Un día normal, yo caminaba por la calle, eran las once de la mañana. Un tipo en un camión pasó por la calle y me dijo un improperio. Yo me molesté mucho e inmediatamente le saqué el dedo del medio. El tipo se detuvo y me empezó a gritar “qué, ¿a caso quieres que te lo meta?”.
Entonces caminé lo más lento que pude, para que él avanzara y no me dijera más cosas, pero el tipo retrocedió en plena calle y siguió insistiendo con gritos, invitaciones e insultos. Me sentí pésimo, me quedé ahí en plena calle sin moverme, pudiendo haber arrancado. No sabía qué hacer o qué decir frente a sus palabras.
Cuando pasó, yo tenía veintidós años, ahora tengo veintinueve. Sin embargo, no se me olvida ese episodio. Mis amigos me dicen que por lo sucedido estoy traumada, pero la verdad es que simplemente odio que las personas crean que tienen ese derecho sobre nuestros cuerpos.

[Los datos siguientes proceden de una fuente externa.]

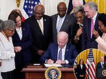 ‘I’m especially pleased that we showed that nation that we can come together as Democrats and Republicans to commemorate this day with the overwhelming bipartisan support in Congress,’ Biden said.

No acepto comentarios sobre mi cuerpo o mi vestimenta, odio los estúpidos “piropos”. Pero creo que está bien, seguiré así. Cuando ellos le gritan algo a una niña que pasa, yo les discuto, les trato de enseñar que no está bien, que es acoso, que nos molesta, que nos ofende, que invade y violenta nuestro espacio.